This node joined a swarm as a worker.
This node joined a swarm as a worker.
Update the docker-compose.yml file to deploy Selenium Grid in Swarm mode:
version: '3.8'
services:
hub:
image: selenium/hub:4.1.3
ports:
- 4442:4442
- 4443:4443
- 4444:4444
deploy:
mode: replicated
replicas: 1
placement:
constraints:
- node.role == worker
chrome:
image: selenium/node-chrome:4.1.3
depends_on:
- hub
environment:
- SE_EVENT_BUS_HOST=hub
- SE_EVENT_BUS_PUBLISH_PORT=4442
- SE_EVENT_BUS_SUBSCRIBE_PORT=4443
- NODE_MAX_SESSION=1
entrypoint: bash -c 'SE_OPTS="--host $$HOSTNAME" /opt/bin/entry_point.sh'
deploy:
replicas: 1
placement:
constraints:
- node.role == worker
Major changes:
- Placement constraints: We set up a placement constraint of
node.role == worker
so that all tasks will be run on the worker nodes. It's generally best to keep manager nodes free from CPU and/or memory-intensive tasks. - Entrypoint: Here, we updated the host set in
SE_OPTS
within the entry_point.sh script so nodes running on different hosts will be able to successfully link back to the hub.

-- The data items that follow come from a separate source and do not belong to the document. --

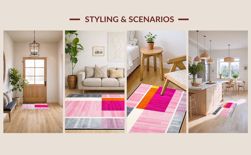 Ultra Soft Area Rug, Non Slip, Stain Resistant, Washable Area Rugs for Living Room, Bedroom, Artistic Soft Color Blocking(Pink) Overview:
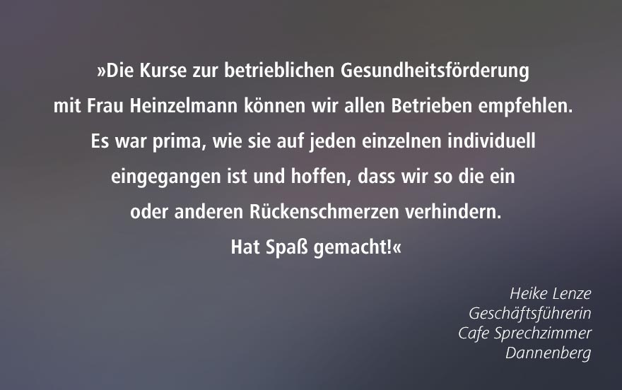Für die Region Wendland, Altmark bis Hamburg und Wolfsburg biete ich, umfangreich ausgebildete Physiotherapeutin, professionelle Beratung und Schulungen zur betrieblichen Gesundheitsförderung direkt in Ihrer Firma an. Ad hoc Infos dazu finden Sie in meinem pdf Flyer.. Gerne informiere ich Sie auch persönlich. Sie erreichen mich unter der Telefonnummer
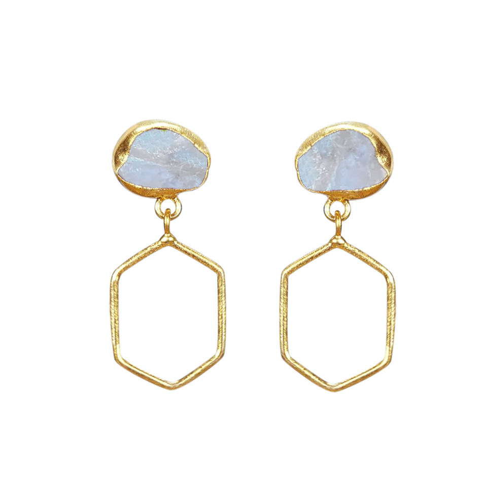 Boucles d'oreilles pendantes faites à la main en argent sterling 925 Unique arc-en-ciel pierre de lune cristal pierre précieuse Protection brute naturelle certifiée
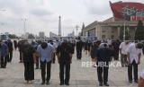 REPUBLIKA.CO.ID, PYONGYANG -- Warga mengheningkan cipta selama tiga menit untuk mengenang mantan pemimpin Kim Il Sung di Pyongyang, Korea Utara Senin (8/7/2024).

With that, we are ready to deploy the stack:
(env)$ docker stack deploy --compose-file=docker-compose.yml selenium
Let's also add a few more nodes:
(env)$ docker service scale selenium_chrome=5
selenium_chrome scaled to 5
overall progress: 5 out of 5 tasks
1/5: running [==================================================>]
2/5: running [==================================================>]
3/5: running [==================================================>]
4/5: running [==================================================>]
5/5: running [==================================================>]
verify: Service converged
You can check the status of the stack like so:
(env)$ docker stack ps selenium
You'll also want to get the IP address of the machine running the hub:
(env)$ docker-machine ip $(docker service ps --format "{{.Node}}" selenium_hub)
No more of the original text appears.